A: I need to enjoy the process of making art. If I’m “in it,” then the outcome will come, and be the right thing. Other artists need to know what they want to do, and not like the surprises. For sure I need to have some idea of what I want to make. I think most artists do. Having said that, I got a lot of work done, which has led to my participation in several exhibitions, in both galleries and in non-traditional spaces like a cemetery.
Q: It sounds like you came back to Berlin with a lot of energy and ideas.
A: My experience of being able just to do art when I was in Berkeley meant that when I returned, I was able to focus much more on making art, and less on “jobbing” to pay the bills. I’ve also been able to give a lot of workshops.
Q: Your new body of work extends your interest in inter-generational conversations and interpretations, which in the past has led to a kind of merging, or inter-penetration, of your work and the work of artists who have died. By “appropriating” and transforming that work, you created a new kind of partnership. In Berkeley, you experimented with a collaboration with your daughter Esther, who was four at the time. What can you say about that experience?
A: I spent a year and a half working with Esther’s drawings, including a year after we returned to Berlin. My method was to make drawings of her drawings, then we painted over them together, and then we did it again and again. From those I made many drawings in different sizes, often much bigger than the original drawings of Esther.

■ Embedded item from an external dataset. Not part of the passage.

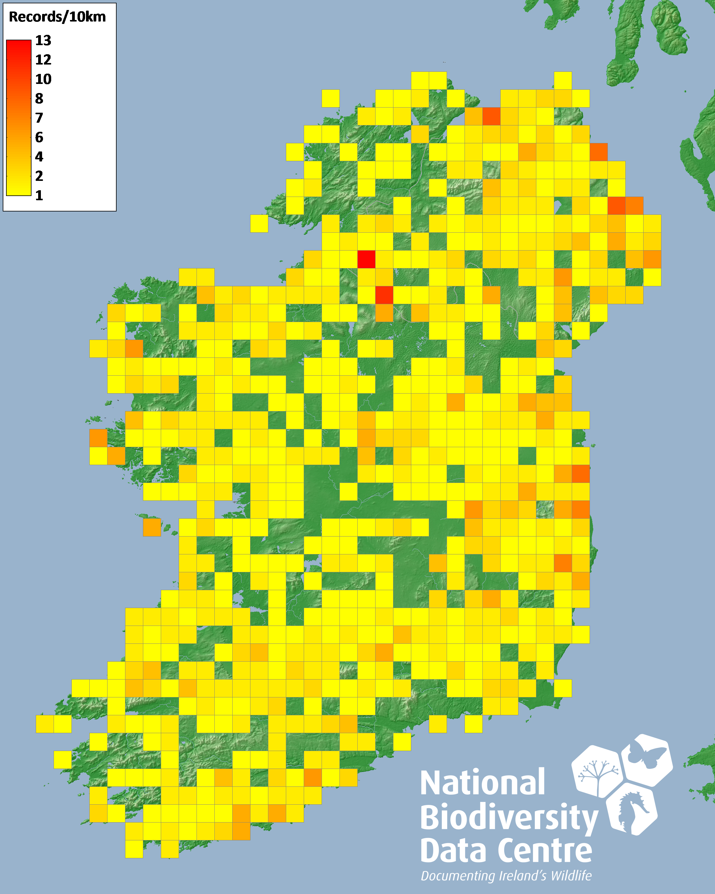 Distribution of the number of records recorded within each 10km grid square (ITM).Marine Map - 50km

Q: What was Esther most interested in drawing?
A: The key image she made was of a unicorn. Over time Esther’s unicorns became pregnant and gave birth. The minute I saw the unicorns inside the unicorns, I realized it was a symbol of art and creation. It helped me understand where Esther and I were in this chain of creativity, and it also complicated it. Who and what is giving birth to what? My work then became figuring out what form my work would take.

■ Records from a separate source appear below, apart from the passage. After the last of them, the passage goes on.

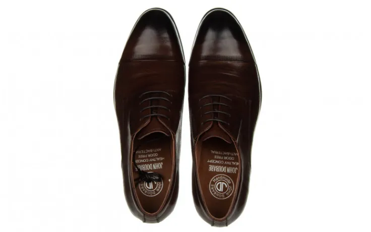 Półbuty marki John Doubare wykonane ze skóry naturalnej licowej w kolorze brązowym.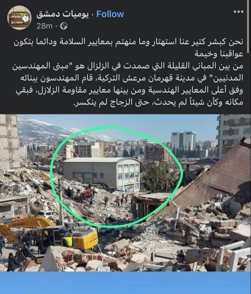 وجاء في منشور آخر، نحن كـ بشر عنا استهتار وما منهتم بمعايير السلامة، ودائمًا تكون العواقب وخيمة.. من بين المباني القليلة التي صمدت في الزلزال هو مبنى المهندسين المدنيين في قهرمان مرعش بتركيا.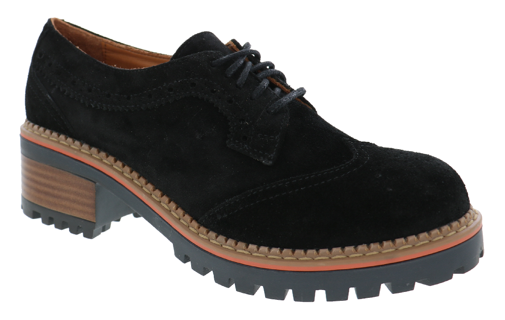 The Biza Wendy is a lace-up loafer that seamlessly combines timeless vintage appeal with daily wearability. Made from high-quality suede leather, this women's shoe showcases traditional wingtip accents and a streamlined lace-up design for a refined yet spirited appearance. Its fully leather-lined interior ensures a comfortable fit, while the shock-absorbing rubber sole and sturdy lug tread deliver reliable support throughout your day.

Q: What forms did “pregnant unicorns” suggest to you?
A: One form is that of curtains I’ve had the chance to create and hang them differently in different exhibitions. For the exhibition "Gebäude 501,” at the old Tempelhoferfeld Airport, I re-worked the unicorns into a curtain. By stencilling my drawings I recall cave painting where mystery and aspects of teaching and spirituality go hand in hand. I also made a stool. I’m especially pleased with the stool, in part because it has four legs, and that gives it an animal quality that I appreciate.

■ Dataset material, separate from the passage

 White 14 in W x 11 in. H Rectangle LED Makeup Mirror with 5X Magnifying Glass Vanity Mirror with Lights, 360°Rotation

Q: When you were in Berkeley, you discovered a Japanese word — Ma — that refers to the invisible but palpable space between people or things. That word seemed to unlock some additional connections for you in terms of working in a kind of in-between space.
A: Yes, that idea opened a lot of ideas for me. Apart from the Japanese use of the word, Ma also means “what?” in Hebrew. It is also the first syllable most babies pronounce, some version of “mother.” A recent exhibition I was in used “Ma” as the title. A key idea, as a curator wrote in one of the shows, is for art to have enough space “to breathe” itself into existence.”
Q: Any final thoughts about the overlap of art and parenting?
A: There are different kinds of artists like there are different kinds of parents. I am a “responder” for both. Things change the moment you interact with them, so you need to respond. I love this quote I read somewhere: “I was the best mother before I became one.” She meant she knew the right thing to do in the abstract. But that’s not how life is.
Atalya Laufer creates drawings, collages, sculpture, and installations that are often appropriations of biographical and/or art-related historical material. Her works ultimately deal with questions of identity, boundaries, and projection, while avoiding clear classification. Delving into the works of other artists and writers, Laufer creates new works that are authentically her own, producing collaborations that transcend time and place. This intergenerational dialogue is at times humorous, even bordering on the absurd but always humane.